I possess extensive experience in developing predictive and optimization models, including:
Machine Learning & AI: Deep learning, reinforcement learning, and predictive modeling.
Big Data & Cloud Platforms: Expertise in handling large-scale data using Spark and Hadoop, as well as Microsoft Azure services such as Azure Databricks, Azure Data Factory, Azure Synapse Analytics, Azure SQL Database, Azure Apache Spark Pools, and Azure ML Studio.
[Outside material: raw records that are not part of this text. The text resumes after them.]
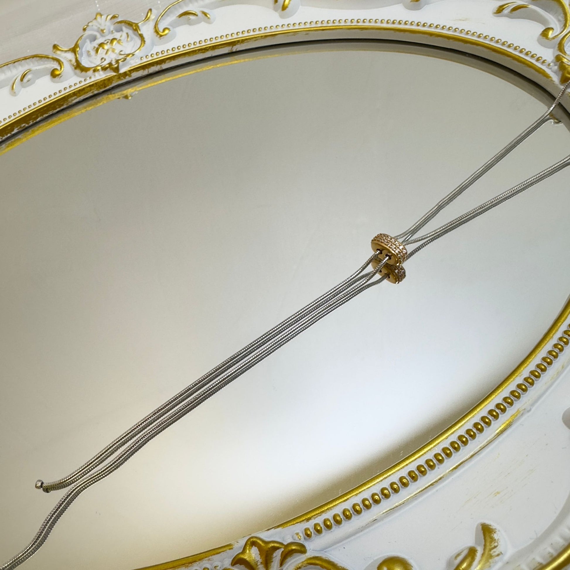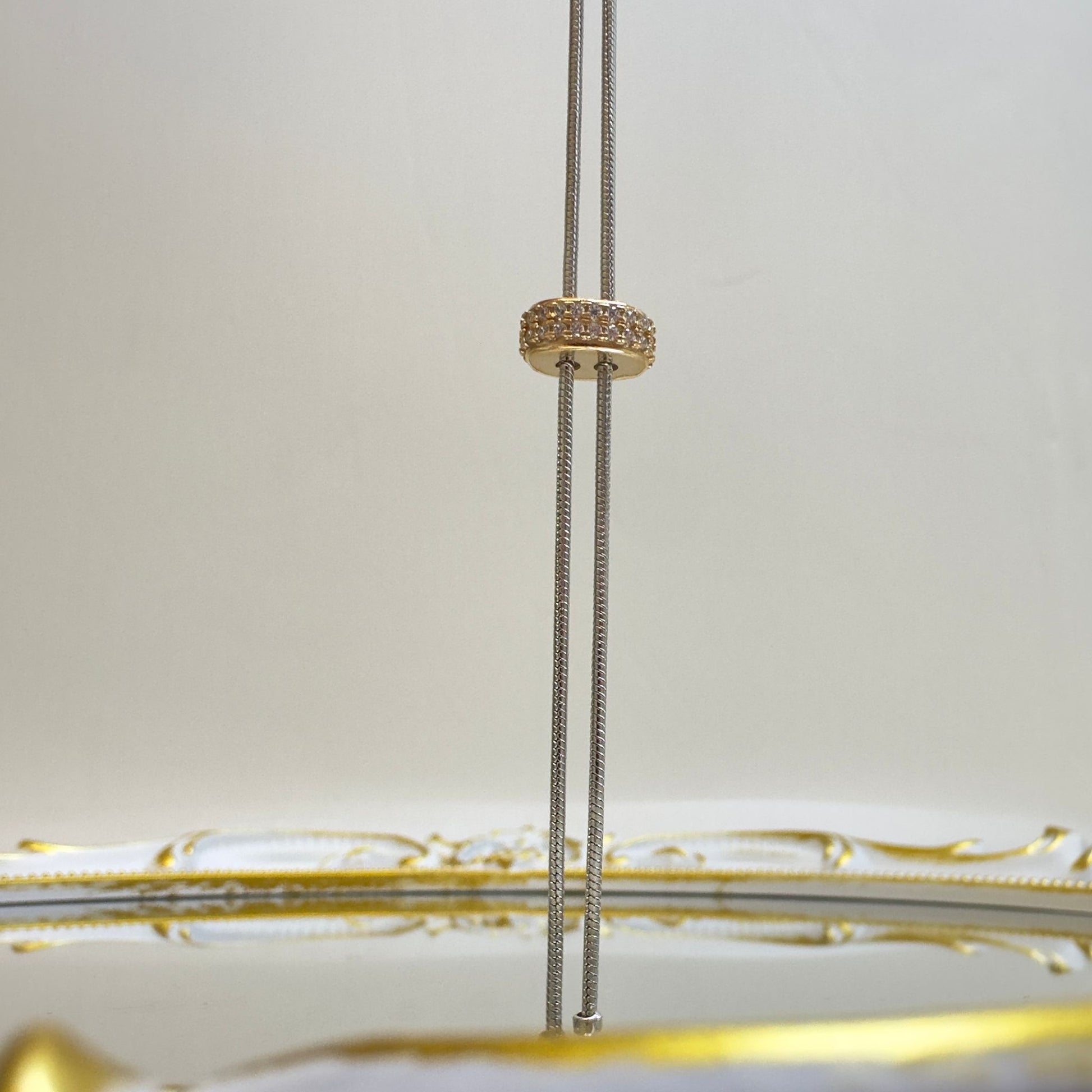 A modern twist on minimal elegance. The Orbit Spark Necklace features a glimmering pavé-set ring charm that gracefully slides along sleek multi-strand snake chains. Available in both gold and silver tones, this versatile piece adds a subtle statement whether worn solo or layered. The sliding mechanism allows you to adjust the focus—center it, tilt it, or stack it—your style, your orbit.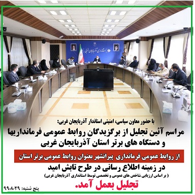 🔺 در این مراسم از روابط عمومی فرمانداری شهرستان پیرانشهر بعنوان یکی از #روابط_عمومی_های_برتر_استان در زمینه اطلاع رسانی در طرح تابش امید( بر اساس ارزیابی شاخص های عمومی و تخصصی توسط استانداری آذربایجان غربی) تقدیر و تجلیل بعمل آمد.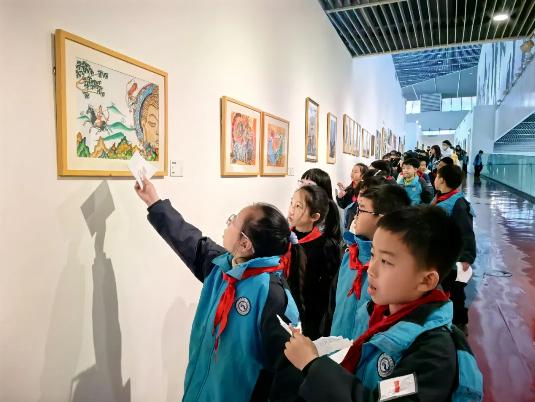 下午,学生们又来到了中华艺术宫。一踏入艺术殿堂,立刻被一幅幅精美的画作所吸引。在讲解员的带领下,他们认真聆听每一幅作品背后的故事,从古代的山水画到现代的油画,从写实的人物肖像到抽象的艺术创作,同学们仿佛穿梭在艺术的时空隧道里,感受着不同风格与流派的魅力。他们时而驻足凝视,时而小声讨论,眼中满是对艺术的好奇与向往。

Programming & Data Tools: Python, R, SAS, SQL, and related analytical frameworks.
Natural Language Processing (NLP): Analyzing and deriving insights from textual and unstructured data.
Clinical Research & Epidemiology: Statistical analysis and modeling for clinical trials, healthcare outcomes, and regulatory reporting.
Forecasting & Decision Support: Building robust mathematical models and predictive frameworks to support operational, strategic, and regulatory decisions.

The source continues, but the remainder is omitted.